Significantly difference in execution time when convolution is run as nn.Conv2d and as nn.Sequential

Hi all,
I’m experiencing a huge difference in execution runtime between a convolution run as nn.Conv2d and nn.Sequential() on aarch64 (Nvidia Jetson AGX).
I think this issue is showing up due to the lack of any optimized kernels for the specific convolution layers I’m trying. This issue is only reprodcible on aarch64 processor. But still that couldn’t explain this huge difference in execution times.

To reproduce this issue,

  1. Run a Depthwise Convolution (groups = in_channels) and Pointwise Convolution (kernel size =1) individually as nn.Conv2d() and measure their runtime.
  2. Run the same set of convolutions as a single nn.Sequential
import torch
import time
x = torch.rand([1,78, 56, 56])
#### nn.Conv2d
dconv = torch.nn.Conv2d(78, 78, 3, stride=2, padding=1,groups=78)
pconv = torch.nn.Conv2d(78, 78, 1)
delay = []
for i in range(30):
    start = time.perf_counter()
    y = dconv(x)
    end = time.perf_counter()
    delay.append((end-start)*1000)
print(sum(delay)/len(delay))
delay = []
for i in range(30):
    start = time.perf_counter()
    z = pconv(y)
    end = time.perf_counter()
    delay.append((end-start)*1000)
print(sum(delay)/len(delay))
##### nn.Module
model = torch.nn.Sequential(torch.nn.Conv2d(78, 78, 3, stride=2, padding=1,groups=78, device='cpu'), torch.nn.Conv2d(78, 78, 1, device='cpu'))
delay = []
for i in range(30):
    start = time.perf_counter()
    z = model(x)
    end = time.perf_counter()
    delay.append((end-start)*1000)
print(sum(delay)/len(delay))

Output

5.974839165961991
4.580187029205263
141.68961447236748

There’s almost 15x difference in runtime between convolution executing as individual nn.Conv2Ds and nn.Sequential. The expected output would be to have time(dconv) + time(pconv) almost similar to time(model) in the above example.
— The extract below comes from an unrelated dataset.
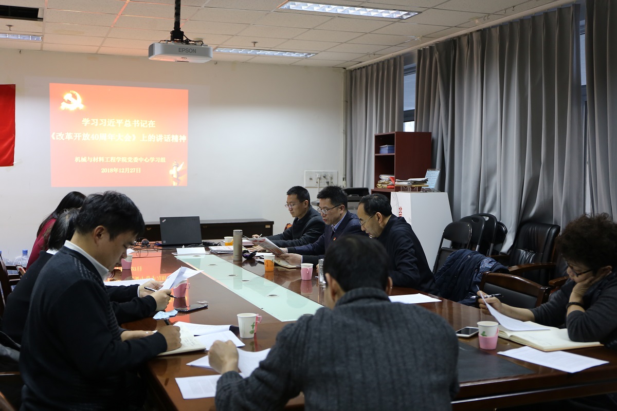2018年12月27日下午,机械与材料工程学院党委理论学习中心组在博闻楼203室召开学习会,集体学习习近平总书记《在庆祝改革开放40周年大会上的讲话》精神。学院班子成员、党委委员、系/中心主任、工会负责同志参加了学习。学习会由院党委书记王文革主持。院中心组学习了习近平总书记在庆祝改革开放40周年大会上的讲话。习近平总书记从实现中华民族伟大复兴的三大里程碑、十八大以来“五位一体”总体布局和“四个全面”战略布局...

Any idea why this is happening? Thanks in advance for your replies.
I have also opened a issue regarding the same at here

Your output looks quite strange and I get:

20.529749244451523
4.179799013460676
17.342762431750696

on a Xavier.

Your output seems like its more expected. I’m also running on Xavier. I tried both PyTorch 1.9.0 and 1.8.0 and seeing the same results. (The nn.Sequential() is alway significantly higher)

This is the output I get for conseuctive runs of the program script above.

:~$ python3 test.py
11.383225899993477
3.725462199993975
176.9323086999994
:~$ python3 test.py
5.979387333337627
3.1348664666647132
77.57876950000575
:~$ python3 test.py
5.478009166661953
4.854251033331518
105.16439119999556
:~$ python3 test.py
5.193072766667228
2.5191012333304266
135.01443140000143

Any ideas to narrow down the cause of issue?

I also profiled the code (Conv2ds & nn.Sequential using Profiler) and got the following outputs for three Convs.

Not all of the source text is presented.